Sort Method: external merge Disk: 8168kB
Buffers: shared hit=16093 read=11482, temp read=1819 written=1819
-> Seq Scan on public.at_summary_typing (cost=0.00..36821.60 rows=182713 width=14) (actual time=0.010..224.658 rows=180657 loops=1)
Output: "MMG", "Gene"
Filter: ((at_summary_typing."MMG")::text <> ''::text)
Rows Removed by Filter: 559071
Buffers: shared hit=16093 read=11482
Total runtime: 2888.804 ms
After some searching I found that I could force the use of the index by setting SET enable_seqscan = OFF; and the EXPLAIN now shows the following :
Sort (cost=1181591.18..1181631.00 rows=15927 width=14) (actual time=555.546..560.839 rows=39314 loops=1)
Output: "MMG", "Gene", (count(*))
Sort Key: (count(*))
Sort Method: external merge Disk: 3280kB
Buffers: shared hit=173219 read=87094 written=7, temp read=411 written=411
-> GroupAggregate (cost=0.42..1180479.54 rows=15927 width=14) (actual time=247.546..533.202 rows=39314 loops=1)

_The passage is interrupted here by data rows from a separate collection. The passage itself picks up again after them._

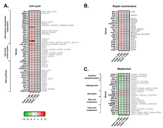 Heatmaps of microarray data showing DEGs related to cell cycle, repair mechanisms, and cellular metabolism in CRT-1(mut1) and CRT-1(mut2) worms vs. WT or CRT-1(KO) nematodes. (A) Cell cycle (microtubule cytoskeleton organization, cell cycle control system, and DNA synthesis). (B) Repair mechanisms. (C) Cellular metabolism (oxidative phosphorylation, adipogenesis, glycolysis, bile acid, and fatty acid metabolism). Mean fold-change values are represented, ranging from shades of green (negative fold-change) to shades of red (positive fold-change). Non-statistically significant differences are shown in gray. Names in gray on the right are the human orthologous genes according to Ortholist2 [11].
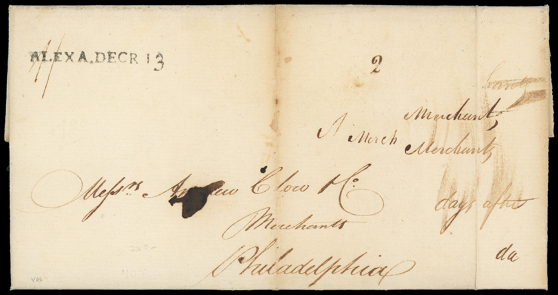 34       image1790 (Dec. 13) Alexandria, D.C. to Philadelphia Pa. Folded letter with sharp "ALEXA. DECR 13" straightline and "2" rating, Philadelphia "1/" local currency rating; some fold toning, minor docketing on face, Very Fine strike.
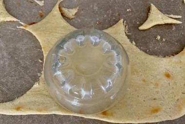 Помимо покупного, вы можете использовать и тесто собственного приготовления. Рецепт домашнего слоеного теста для этой выпечки вы можете выбрать в этом каталоге.

Output: "MMG", "Gene", count(*)
Buffers: shared hit=173219 read=87094 written=7
-> Index Only Scan using mm_gene_idx on public.at_summary_typing (cost=0.42..1178949.93 rows=182713 width=14) (actual time=247.533..497.771 rows=180657 loops=1)
Output: "MMG", "Gene"
Filter: ((at_summary_typing."MMG")::text <> ''::text)
Rows Removed by Filter: 559071
Heap Fetches: 739728
Buffers: shared hit=173219 read=87094 written=7
Total runtime: 562.735 ms
Performance now comparable with the MySQL.
The problem is that I understand that setting this is bad practice and that I should try and find a way to improve my query/encourage the use of the index automatically. However I'm very inexperienced with PostgreSQL and cannot work out how or why it is choosing to use a Seq Scan over an Index Scan in the first place.
why it is choosing to use a Seq Scan over an Index Scan in the first place
Because the seq scan is actually twice as fast as the index scan (224ms vs. 497ms) despite the fact that the index was nearly completely in the cache, but the table was not.
So choosing the seq scan was the right thing to do.
The bottleneck in the first plan is the sorting and grouping that needs to be done on disk.
The better strategy would be to increase work_mem to something more realistic than the really small default of 4MB. You might want to start with something like 16MB, by running
set work_mem=16MB;
before running your query. If that doesn't remove the "Sort Method: external merge Disk" steps, increase it work_mem further.
By increasing the work_mem it also is possible that Postgres switches to a hash aggregate instead of the sorting that it currently does which will probably be faster anyway (but isn't feasible if not enough memory is available)
Once you find a good value, you might want to make that permanent by putting the new value into postgresql.conf
Don't set this too high: that memory may be requested multiple times for each query.
If your where condition is static, you could also create a partial index matching that criteria:
create index on at_summary_typing ("MMG", "Gene")
where "MMG" <> '';
Don't forget to analyze the table to update the statistics.